Line by line, repeat the data below exactly, beginning at the first line and ending at the line with "You can test". Omit pictures.

Source data

○ ○ ○ ○ ○

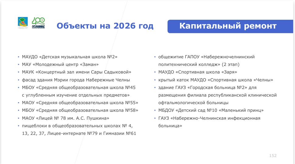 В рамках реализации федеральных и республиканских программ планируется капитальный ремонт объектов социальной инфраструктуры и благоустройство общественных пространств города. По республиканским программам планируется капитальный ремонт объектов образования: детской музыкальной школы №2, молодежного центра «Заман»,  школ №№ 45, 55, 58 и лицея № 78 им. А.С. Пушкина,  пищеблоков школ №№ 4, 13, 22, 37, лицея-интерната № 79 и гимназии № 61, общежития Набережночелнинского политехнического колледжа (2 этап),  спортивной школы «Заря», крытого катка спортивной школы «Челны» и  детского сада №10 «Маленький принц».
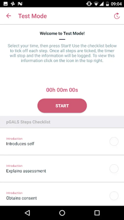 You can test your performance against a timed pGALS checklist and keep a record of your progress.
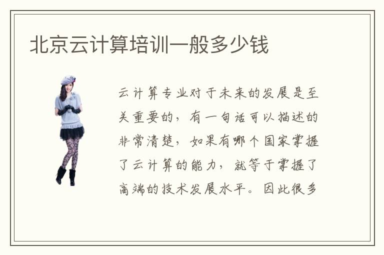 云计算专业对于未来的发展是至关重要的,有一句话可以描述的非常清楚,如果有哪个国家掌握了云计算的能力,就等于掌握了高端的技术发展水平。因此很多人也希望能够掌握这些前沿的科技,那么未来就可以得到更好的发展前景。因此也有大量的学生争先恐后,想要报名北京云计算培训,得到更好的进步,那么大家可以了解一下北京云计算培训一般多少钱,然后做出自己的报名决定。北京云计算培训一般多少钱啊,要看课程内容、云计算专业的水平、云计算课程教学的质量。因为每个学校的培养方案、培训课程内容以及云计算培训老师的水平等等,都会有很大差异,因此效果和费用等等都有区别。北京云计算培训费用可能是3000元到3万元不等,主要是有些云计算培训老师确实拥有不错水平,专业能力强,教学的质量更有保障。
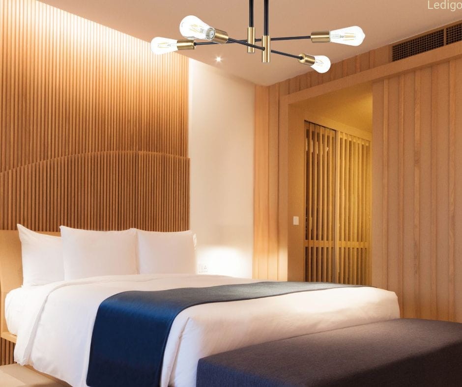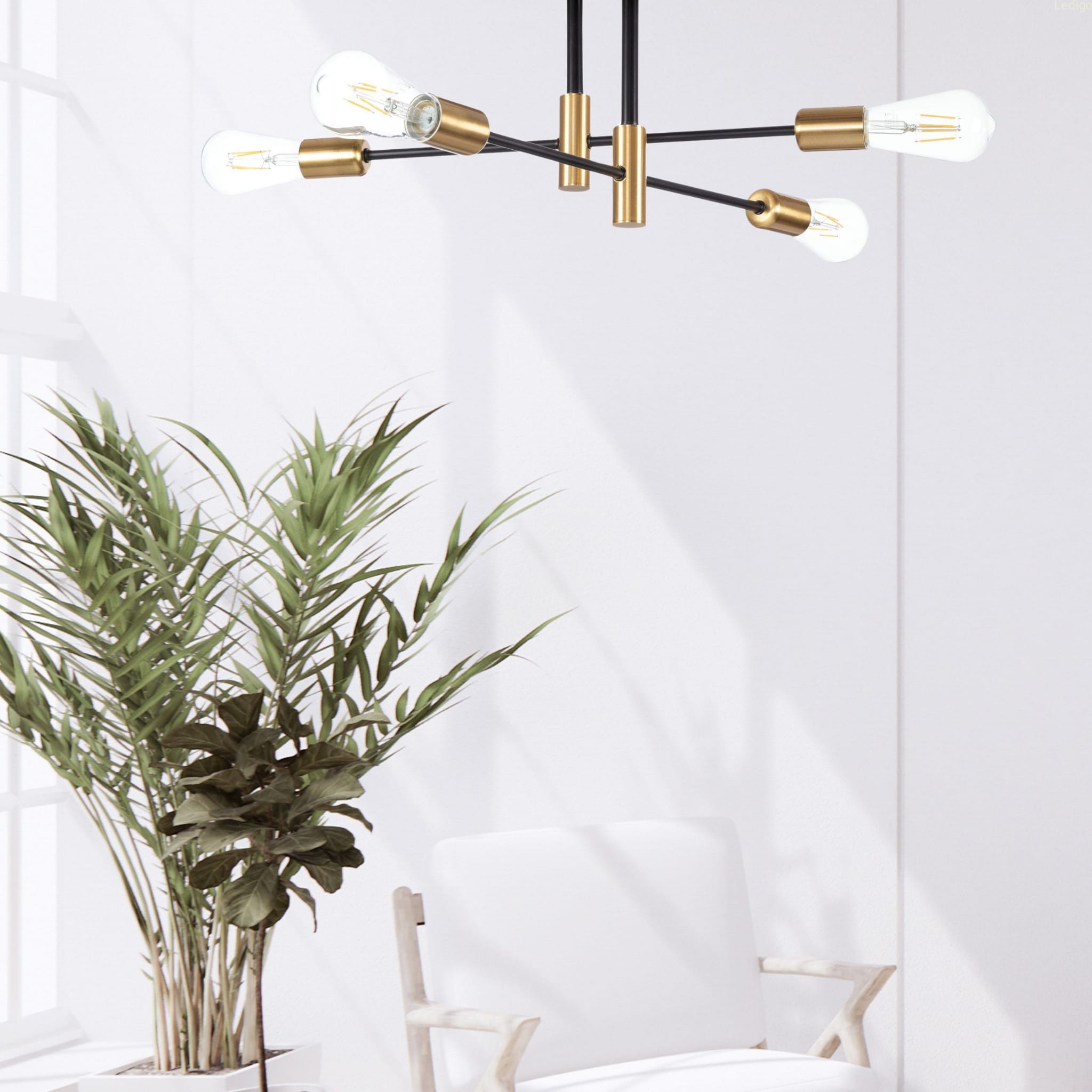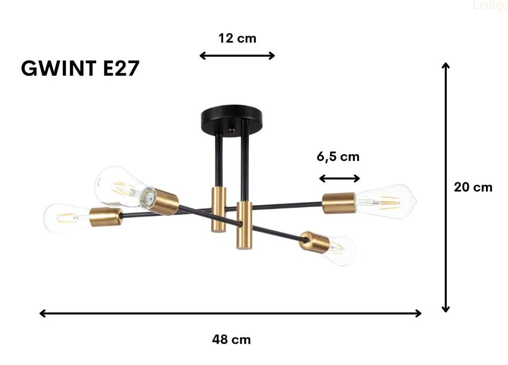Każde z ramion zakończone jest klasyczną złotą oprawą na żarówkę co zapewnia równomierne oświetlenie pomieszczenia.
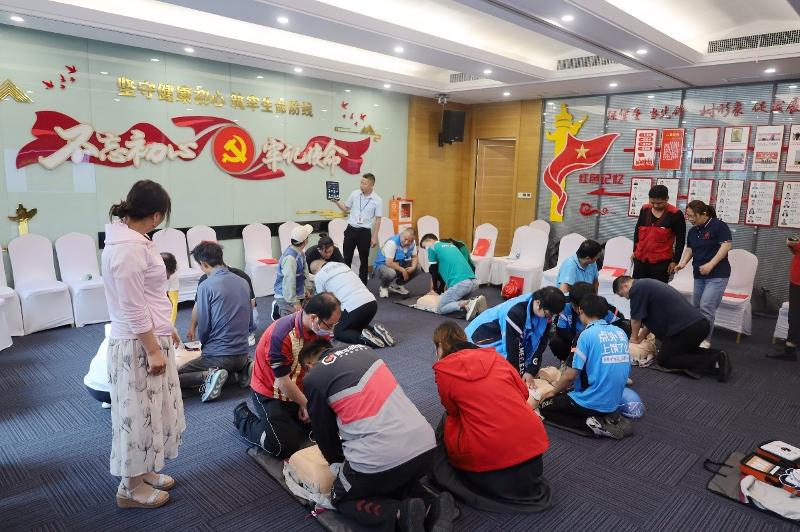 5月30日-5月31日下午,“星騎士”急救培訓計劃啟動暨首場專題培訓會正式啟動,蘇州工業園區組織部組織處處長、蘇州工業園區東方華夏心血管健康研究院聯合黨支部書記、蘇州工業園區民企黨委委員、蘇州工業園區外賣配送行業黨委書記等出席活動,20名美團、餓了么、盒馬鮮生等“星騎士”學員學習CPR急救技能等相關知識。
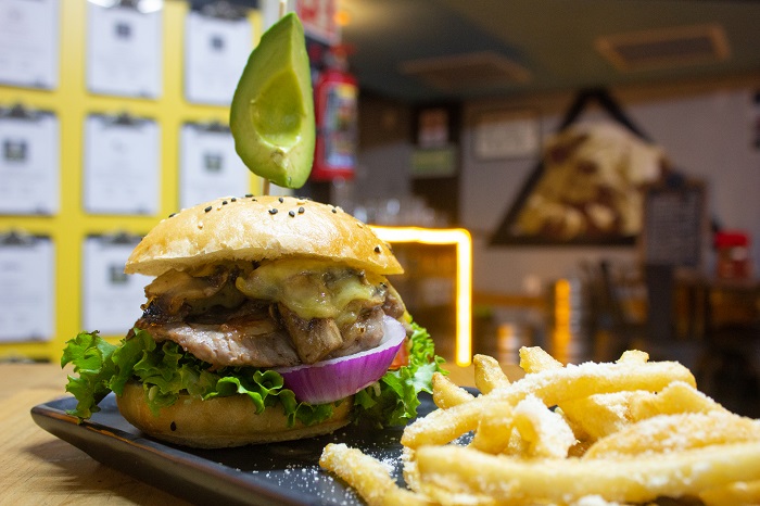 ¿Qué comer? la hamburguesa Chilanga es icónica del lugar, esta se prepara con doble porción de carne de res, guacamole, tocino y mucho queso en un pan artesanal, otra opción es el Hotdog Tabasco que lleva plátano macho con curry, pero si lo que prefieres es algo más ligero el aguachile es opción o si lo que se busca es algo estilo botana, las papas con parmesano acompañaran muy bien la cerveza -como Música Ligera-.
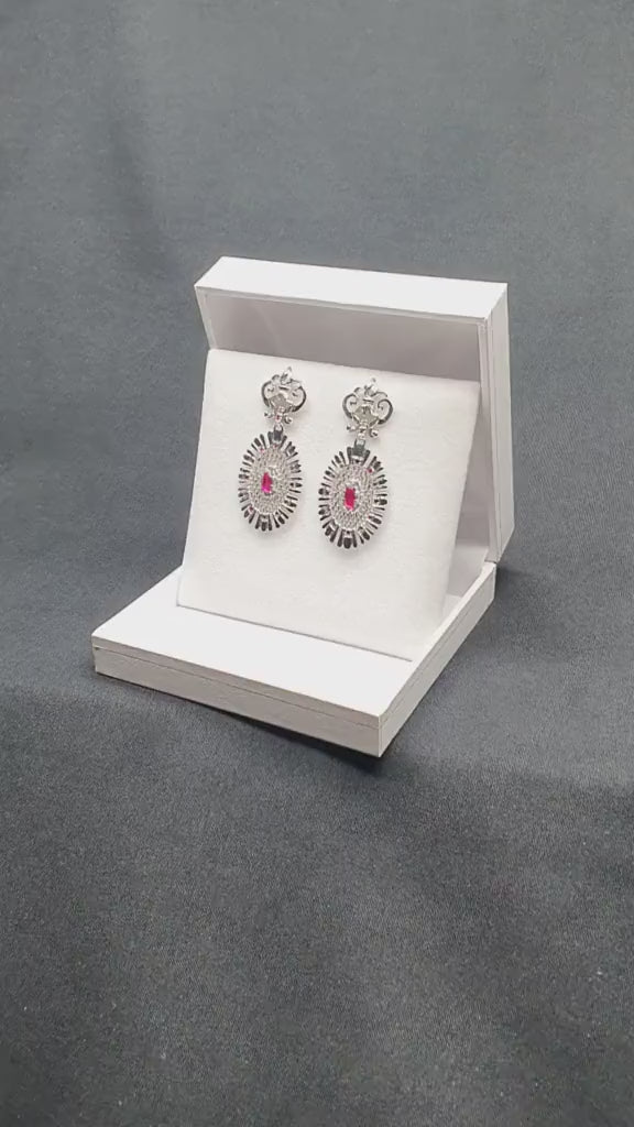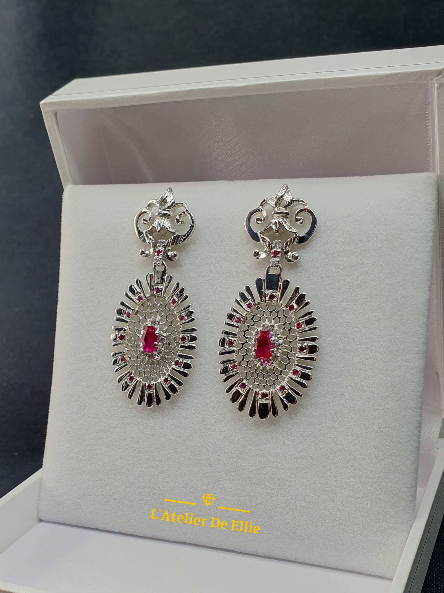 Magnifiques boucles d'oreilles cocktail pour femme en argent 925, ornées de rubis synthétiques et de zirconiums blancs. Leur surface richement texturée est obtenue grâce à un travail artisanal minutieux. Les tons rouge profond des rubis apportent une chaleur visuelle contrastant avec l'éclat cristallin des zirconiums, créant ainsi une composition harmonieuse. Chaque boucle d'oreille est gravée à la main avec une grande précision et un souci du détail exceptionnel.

○ ○ ○ ○ ○

COMPLETED TASK
 В рамках реализации федеральных и республиканских программ планируется капитальный ремонт объектов социальной инфраструктуры и благоустройство общественных пространств города. По республиканским программам планируется капитальный ремонт объектов образования: детской музыкальной школы №2, молодежного центра «Заман»,  школ №№ 45, 55, 58 и лицея № 78 им. А.С. Пушкина,  пищеблоков школ №№ 4, 13, 22, 37, лицея-интерната № 79 и гимназии № 61, общежития Набережночелнинского политехнического колледжа (2 этап),  спортивной школы «Заря», крытого катка спортивной школы «Челны» и  детского сада №10 «Маленький принц».
 You can test your performance against a timed pGALS checklist and keep a record of your progress.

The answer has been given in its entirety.